Question

Find the zeros of the function in the interval of [-2pi,2pi]
f(x)=1/2cos2x

Answer 1

`\frac12\cos2x=0\implies\cos2x=0`

Since the cosine is zero when the angle is an odd multiple of
`\frac\pi2`, you have
`2x=\pm\frac\pi2,\pm\frac{3\pi}2,\pm\frac{5\pi}2,\pm\frac{7\pi}2`.

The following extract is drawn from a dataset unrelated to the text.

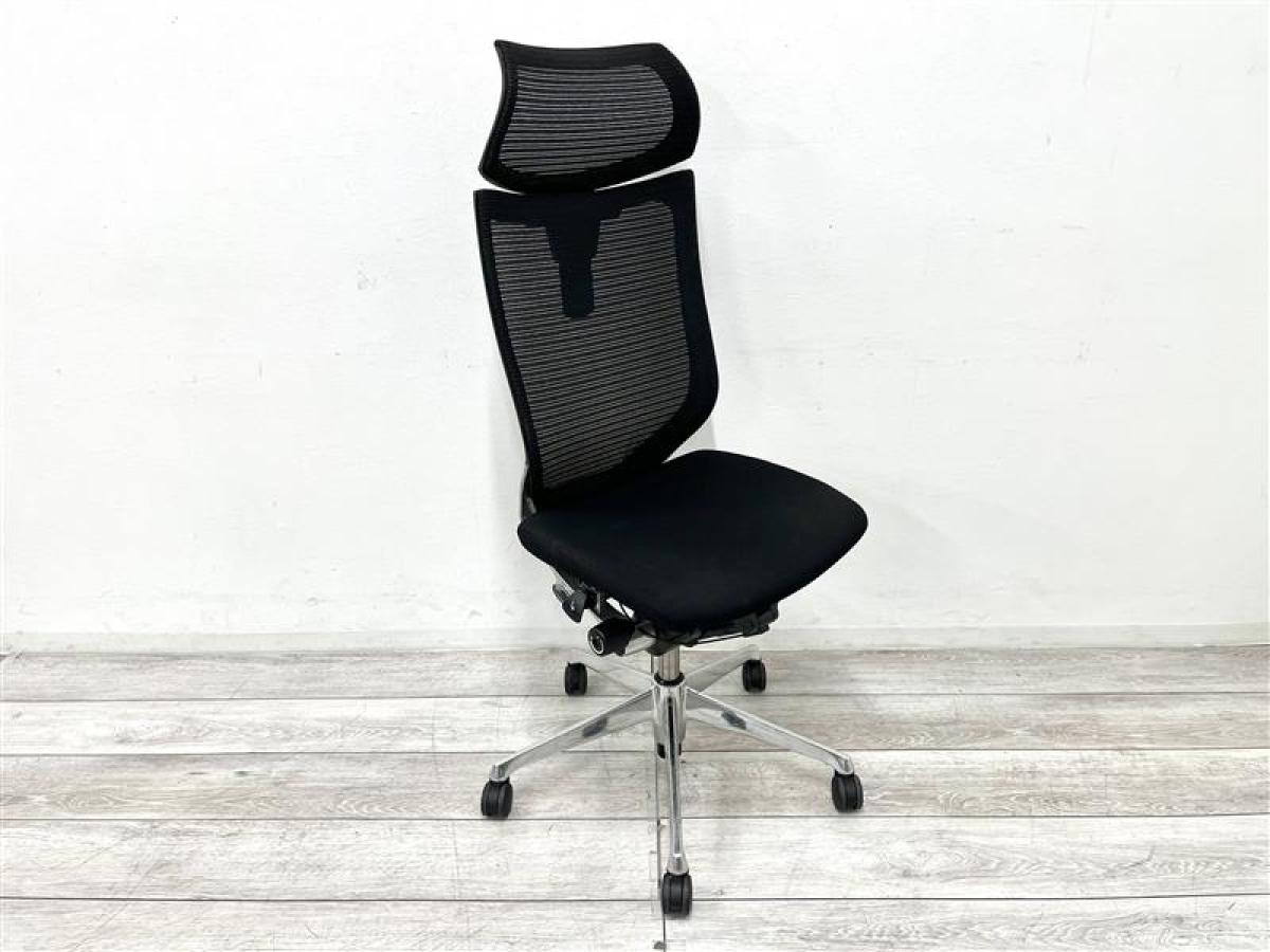 【オフィスの執務室、会議室におすすめ!】■オカムラ(okamura)製 バロン(Baron)チェア 肘付き ハイバック ■背・座面メッシュ ■可動肘 ■ヘッドレスト付き ■ブラック【硬めの座面が大人気!国産メッシュチェアの代表格!】

Divide both sides by 2 and you get
`x=\pm\frac\pi4,\pm\frac{3\pi}4,\pm\frac{5\pi}4,\pm\frac{7\pi}4`

Answer 2

The zeros of the function in the interval of [-2π,2π] are

`\pm (\pi)/(4),\pm (3\pi)/(4),\pm (5\pi)/(4),\pm (7\pi)/(4)`.

Explanation:

The given function is

`f(x)=(1)/(2)\cos (2x)`

We have to find the zeros of the function in the interval of [-2π,2π].

If
`\cos x=0`, then

`x=((2n-1)\pi)/(2)`

Where n is an integer.

Put f(x)=0, to find the zeroes of the function.

`0=(1)/(2)\cos (2x)`

`0=\cos (2x)`

`2x=\pm (\pi)/(2),\pm (3\pi)/(2),\pm (5\pi)/(2),\pm (7\pi)/(2)`
`[\because x\in [-2\pi,2\pi]\Rightarrow 2x\in [-4\pi,4\pi]]`

Divide both sides by 2.

`x=\pm (\pi)/(4),\pm (3\pi)/(4),\pm (5\pi)/(4),\pm (7\pi)/(4)`

Therefore the zeros of the function in the interval of [-2π,2π] are

`\pm (\pi)/(4),\pm (3\pi)/(4),\pm (5\pi)/(4),\pm (7\pi)/(4)`.